既然磁碟組DATA可以用,那麼我們先將CRS等資訊儲存到DATA磁碟組中,之前並未手動備份過CRS等資訊,只能通過自動備份資訊恢複。
停止CRS服務,兩個節點都執行
[root@rac01 rac-cluster]# crsctl stop has -f
再次啟動,以NOCRS方式啟動CRS,節點1執行
[root@rac01 rac-cluster]# crsctl start crs -excl -nocrs
CRS-4123: Oracle High Availability Services has been started.
CRS-2672: Attempting to start 'ora.mdnsd' on 'rac01'
CRS-2676: Start of 'ora.mdnsd' on 'rac01' succeeded
CRS-2672: Attempting to start 'ora.gpnpd' on 'rac01'
CRS-2676: Start of 'ora.gpnpd' on 'rac01' succeeded
CRS-2672: Attempting to start 'ora.cssdmonitor' on 'rac01'
CRS-2672: Attempting to start 'ora.gipcd' on 'rac01'
CRS-2676: Start of 'ora.cssdmonitor' on 'rac01' succeeded
CRS-2676: Start of 'ora.gipcd' on 'rac01' succeeded
CRS-2672: Attempting to start 'ora.cssd' on 'rac01'
CRS-2672: Attempting to start 'ora.diskmon' on 'rac01'
CRS-2676: Start of 'ora.diskmon' on 'rac01' succeeded
CRS-2676: Start of 'ora.cssd' on 'rac01' succeeded
CRS-2672: Attempting to start 'ora.drivers.acfs' on 'rac01'
CRS-2679: Attempting to clean 'ora.cluster_interconnect.haip' on 'rac01'
CRS-2672: Attempting to start 'ora.ctssd' on 'rac01'
CRS-2681: Clean of 'ora.cluster_interconnect.haip' on 'rac01' succeeded
CRS-2672: Attempting to start 'ora.cluster_interconnect.haip' on 'rac01'
CRS-2676: Start of 'ora.drivers.acfs' on 'rac01' succeeded
CRS-2676: Start of 'ora.ctssd' on 'rac01' succeeded
CRS-2676: Start of 'ora.cluster_interconnect.haip' on 'rac01' succeeded
CRS-2672: Attempting to start 'ora.asm' on 'rac01'
CRS-2676: Start of 'ora.asm' on 'rac01' succeeded
修改/etc/oracle/ocr.loc檔案,將OCR修改為DATA,兩個節點都需要修改。
查看備份情況,選擇一個最近時間節點恢複
查看命令:ocrconfig –showbackup
[root@rac01 rac-cluster]# ocrconfig -restore /grid/crs_home/product/11.2.0/cdata/rac-cluster/week.ocr
[root@rac01 rac-cluster]# ocrcheck
Status of Oracle Cluster Registry is as follows :
Version : 3
Total space (kbytes) : 262120
Used space (kbytes) : 3088
Available space (kbytes) : 259032
ID : 471595559
Device/File Name : +DATA
Device/File integrity check succeeded
Device/File not configured
Device/File not configured
Device/File not configured
Device/File not configured
Cluster registry integrity check succeeded
Logical corruption check succeeded
建立VOTEDISK
在建立時出現以下問題,解決辦法如下:
[root@rac01 rac-cluster]# crsctl replace votedisk +DATA
CRS-4602: Failed 27 to add voting file 7255773670ae4fa9bf64a150a9fd5915.

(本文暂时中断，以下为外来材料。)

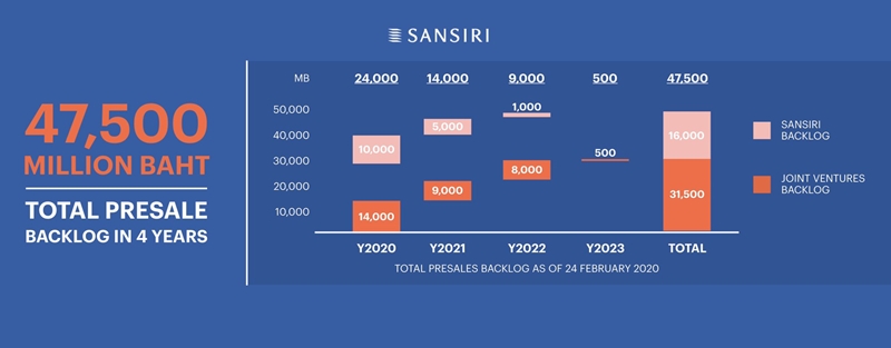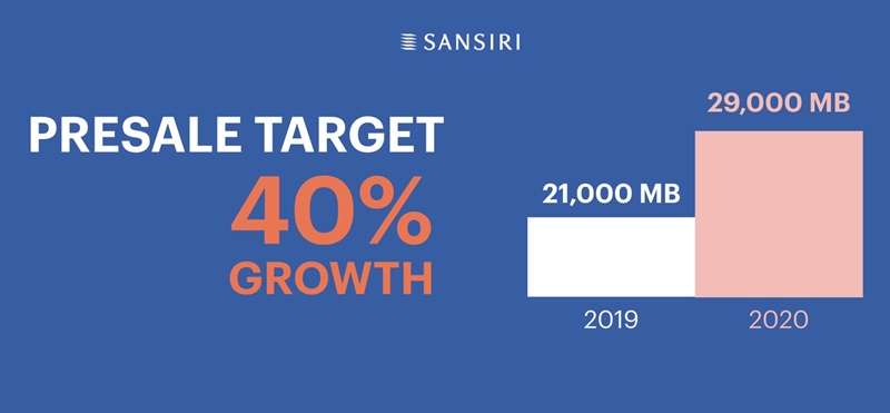 สำหรับในปี 2563 แสนสิริได้วางเป้าหมายพัฒนาโครงการใหม่ 18 โครงการ รวมมูลค่า 24,000 ล้านบาท แบ่งเป็นคอนโดมิเนียม 6 โครงการ มูลค่ารวม 8,800 ล้านบาท บ้านเดี่ยว 6 โครงการ มูลค่ารวม 8,600 ล้านบาท และทาวน์โฮม และมิกซ์ โปรเจกต์ 6 โครงการ มูลค่ารวม 6,600 ล้านบาท ซึ่งอยู่ในเซกเมนต์ Medium และ Affordable เป็นหลัก เพื่อให้ แสนสิริเป็นแบรนด์ที่เข้าถึงง่ายในกลยุทธ์ด้านการวางราคาขาย ขณะเดียวกันก็ขยายฐานลูกค้าในเซกเมนต์ Luxury และ Super Luxury ด้วยคอนโดมิเนียมพร้อมอยู่ภายใต้ Sansiri Luxury Collection อาทิ 98 ไวร์เลส, เดอะ โมนูเมนต์ ทองหล่อ, คุณ บาย ยู และ บ้านแสนสิริ โดยคาดว่าจะสามารถสร้างยอดขาย 29,000 ล้านบาทในปี 2563 เติบโตขึ้น 40% จากปีก่อนที่มียอดขาย 21,000 ล้านบาทรวมทั้งวางเป้าหมายการโอนไว้ 33,000 ล้านบาท นอกจากนี้ แสนสิริยังมียอดขายรอโอนรองรับการเติบโตระยะยาวในอีก 4 ปี อีกถึง 47,500 ล้านบาท ซึ่งช่วยสร้างความมั่นใจให้แสนสิริได้เป็นอย่างดี และเสริมความแข็งแกร่งในทุกสภาวะเศรษฐกิจ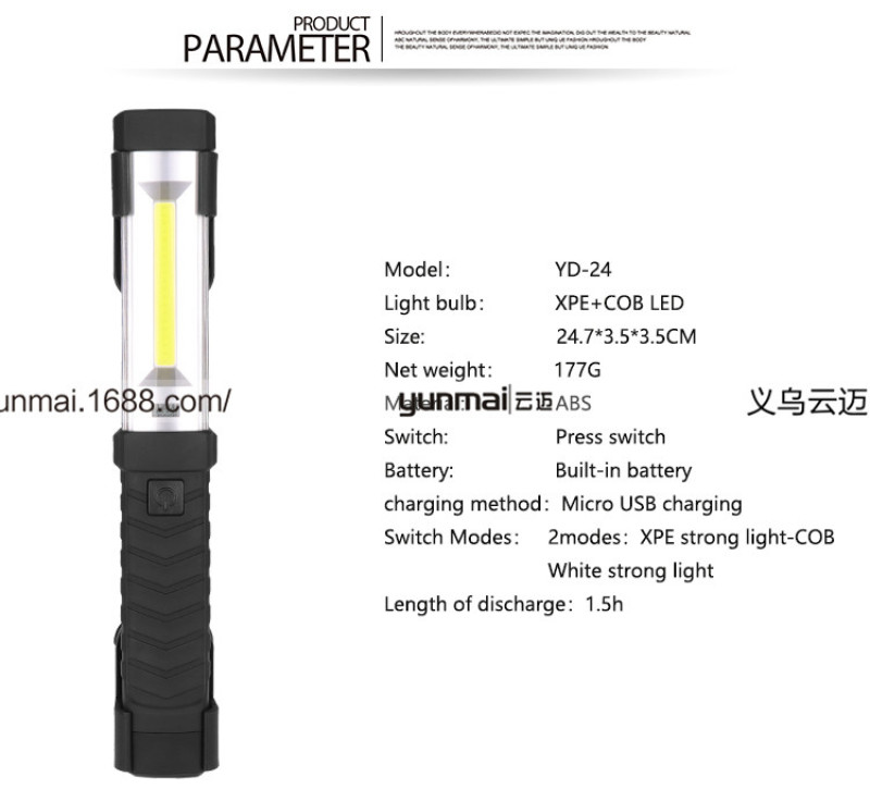 【档位】:开关档:2档 XPE强光-COB白光强光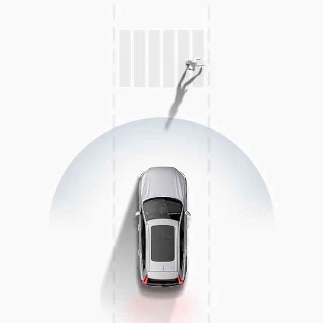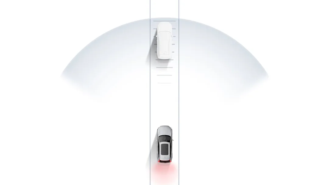 Hệ thống cảnh báo cắt ngang Công nghệ hỗ trợ lái an toàn của Volvo giúp đỡ khi thực hiện rẽ cắt ngang dòng giao thông đang di chuyển đến gần, bằng cách tự động phanh nếu có nguy cơ gặp va chạm. |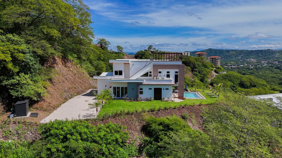 Escape to Casa Shantí, where modern luxury meets total tranquility. This three-bedroom architectural gem in exclusive Coco Bay Estates features a private infinity pool with bay views, rooftop terrace, gourmet chef's kitchen, and three levels of sophisticated living. Enjoy 24/7 gated security, stunning mountain and ocean vistas, and complete privacy; all just 25 minutes from Liberia Airport and minutes from Playa del Coco. Your private hilltop sanctuary awaits.
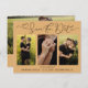 Modern 4 photos of couple Wedding Save the Date announcement card template with website information and cute heart in script font in boho yellow.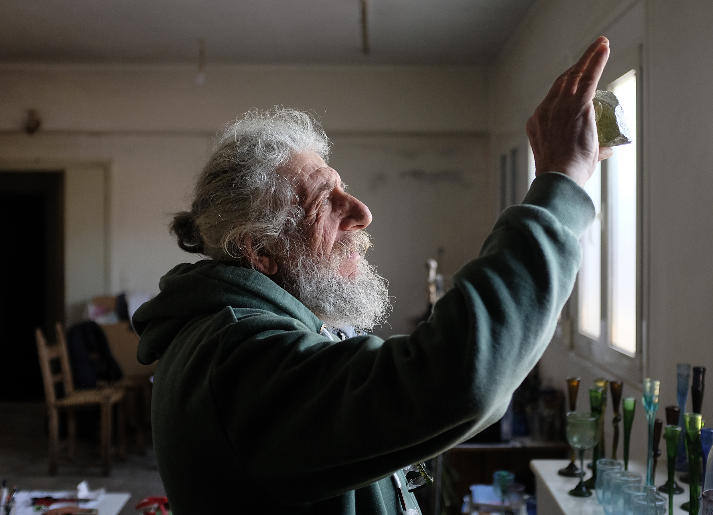 Το πρόσωπο και τα χέρια του φανερώνουν ιστορίες και συσσωρευμένες εμπειρίες από μια ζωή πολύπλευρη. Δούλευε οικοδομές, μπετά και μετά σοβά. Έχει σερβίρει σε καφετέρια για σεζόν σε μια εποχή όπου αυτή η έννοια ήταν αρκετά διαφορετική, έχει ζήσει μέχρι και στη Ζυρίχη όπου μυήθηκε στην τέχνη του γυαλιού. Έχει γνωρίσει, έχει συναναστραφεί και συνεργαστεί και συνεχίζει να συνεργάζεται με ανθρώπους γνωστούς και λιγότερο γνωστούς αλλά όχι λιγότερο σημαντικούς από κάθε γωνιά του πλανήτη. Οι κουβέντες του καθώς μου μιλά για τη ζωή του, κρύβουν και φανερώνουν ταυτόχρονα μια εμπειρία και μια παιδικότητα, μια εφηβική διάθεση για τα πάντα και μια ώριμη επιλεκτικότητα, ένα γούστο στο κλασικό και μια ασυγκράτητη έκφραση του νεωτερικού.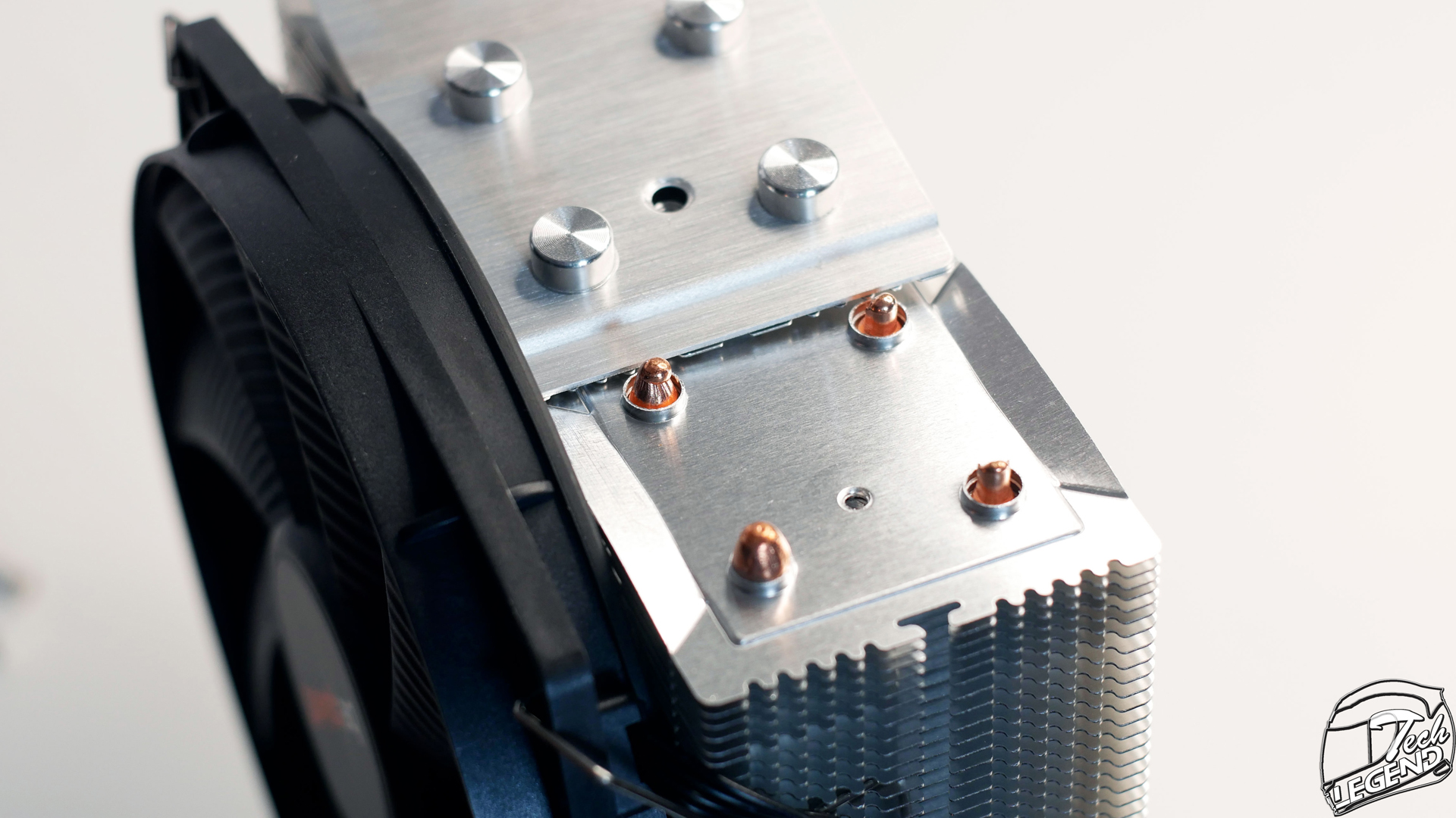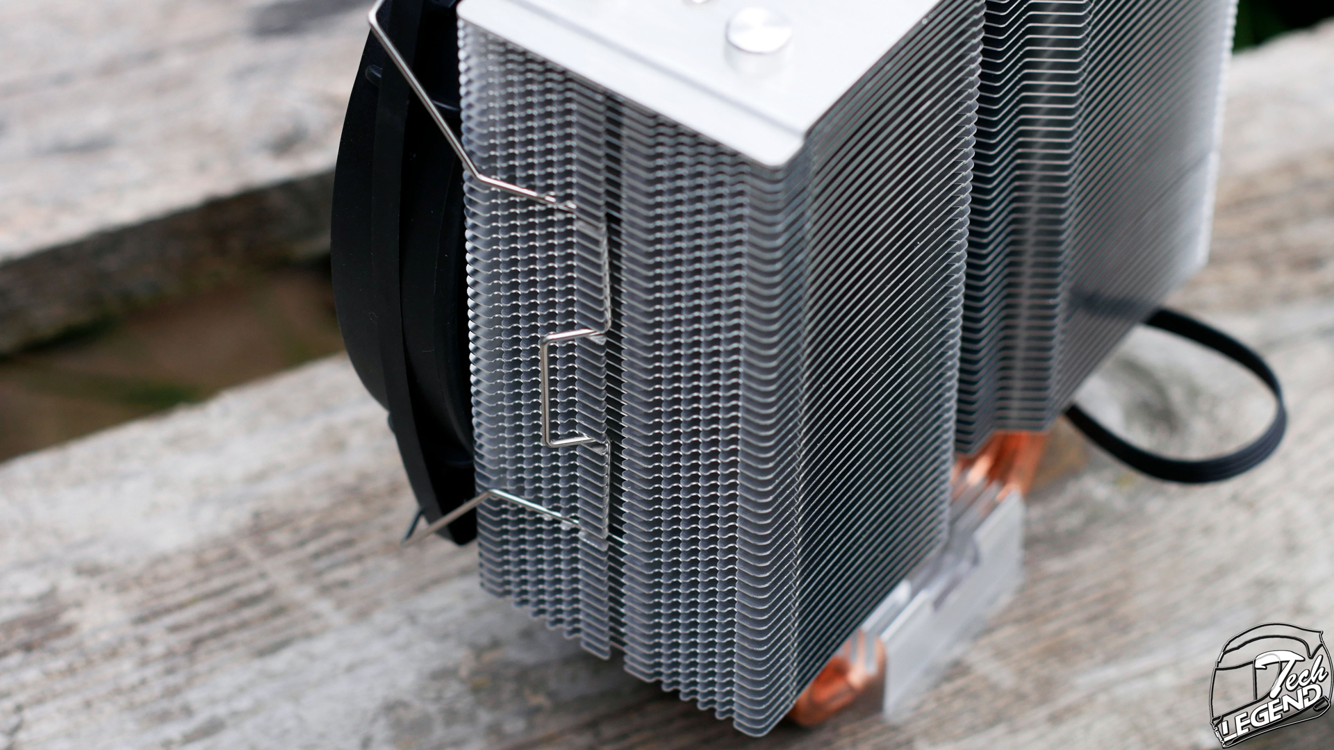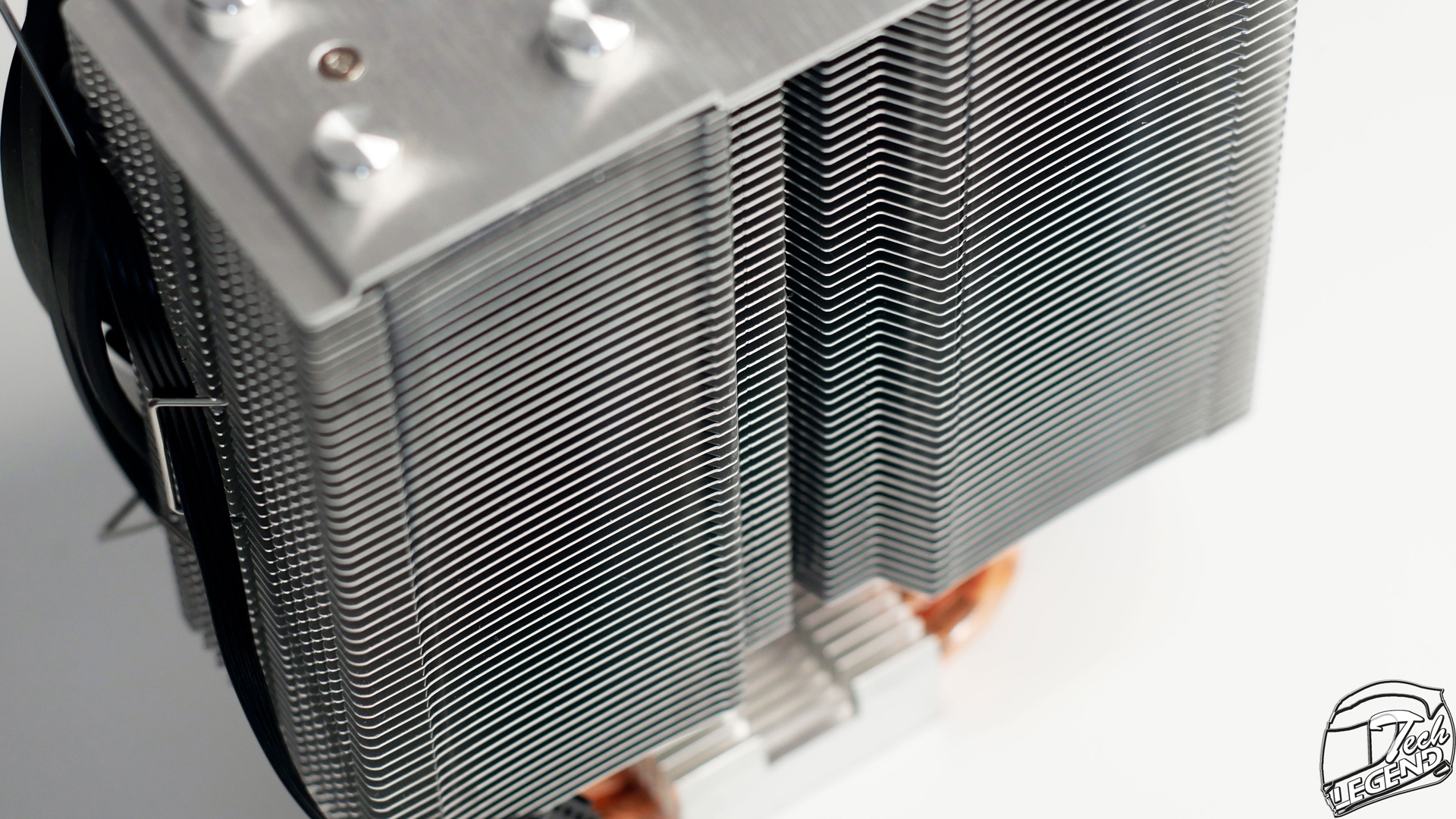 The heatsink used with this CPU cooler has no less than 53 aluminum made cooling fins and only four copper made heatpipes. These are what moves the heat away from the CPU and into the dissipation area of the CPU cooler.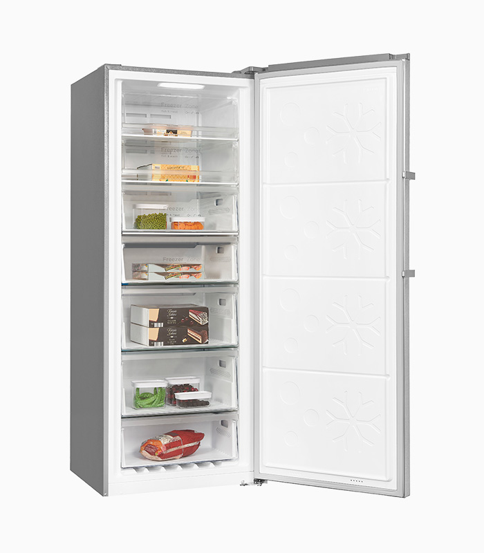 Gefrierschrank, Standgerät, 4*-Gefrierfach, No frost Gefrieren, Innenbeleuchtung, Temperaturanzeige, Temperaturregelung Elektronisch, Türanschlag wechselbar, Gefrierschubladen: 5, Gefrierfächer mit Klapptür: 2, Nettoinhalt Gefrieren: 380,0 l, EEK: E, Edelstahloptik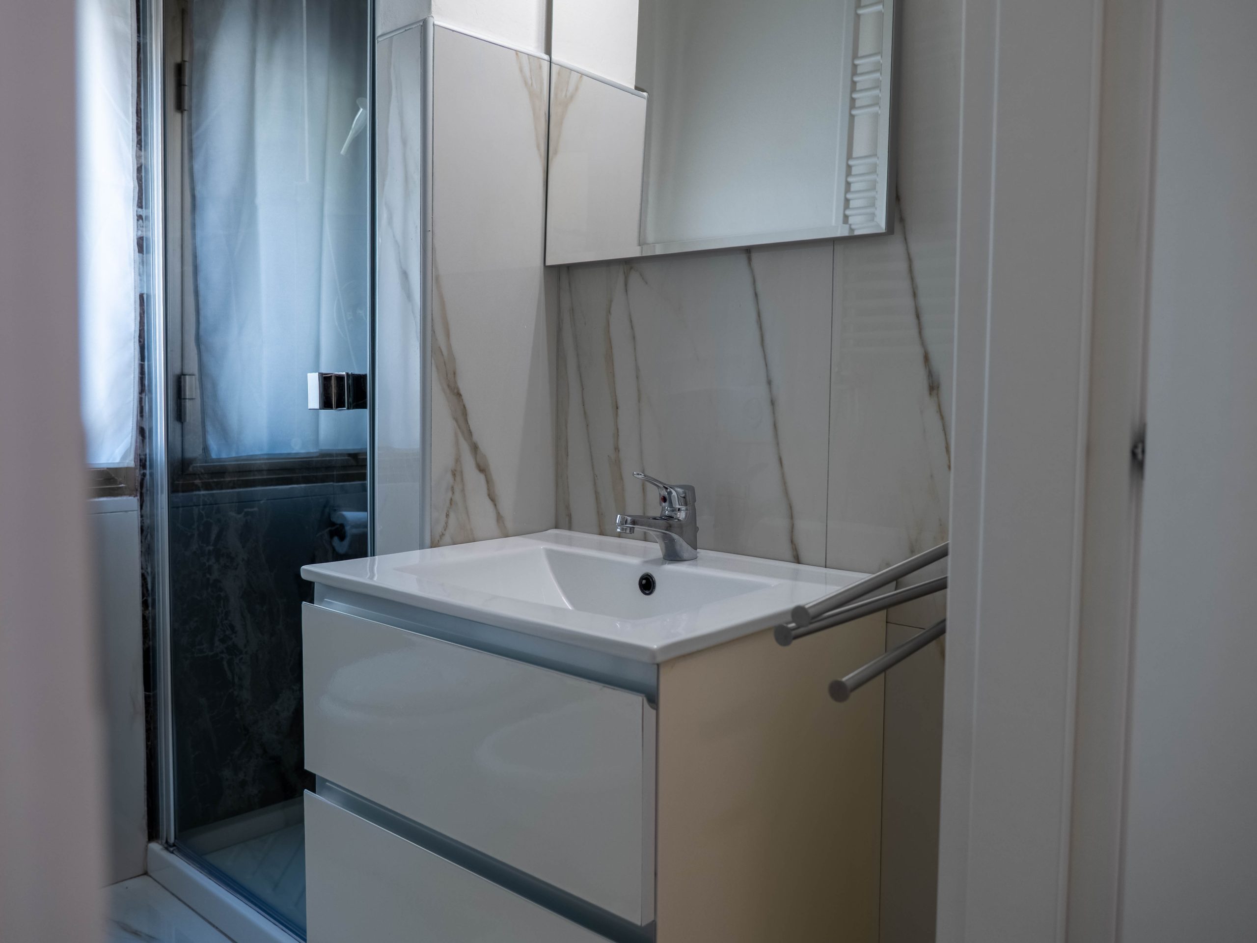 Mini appartamento con camera matrimoniale piu letto singolo, zona pranzo, bagno e balcone.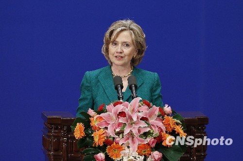 5月24日,第二輪中美戰(zhàn)略與經(jīng)濟(jì)對話在北京開幕,美國總統(tǒng)奧巴馬的特別代表、國務(wù)卿希拉里·克林頓出席開幕式并講話。 中新社發(fā) 盛佳鵬 攝

Failure 27 with Cluster Synchronization Services while deleting voting disk.
Failed to replace voting disk group with +DATA.
CRS-4000: Command Replace failed, or completed with errors.
設定ASM磁碟搜尋路徑
SQL> show parameter asm_diskstring
NAME TYPE VALUE
------------------------------------ ----------- ------------------------------
asm_diskstring string
SQL> alter system set asm_diskstring = '/dev/asm*';
System altered.
SQL> create spfile='+DATA' from memory;
File created.
SQL> startup force mount;
再次建立VOTEDISK
[root@rac01 rac-cluster]# crsctl replace votedisk +DATA
Successful addition of voting disk 383b8c3e4db34f72bf9dedd15e47471b.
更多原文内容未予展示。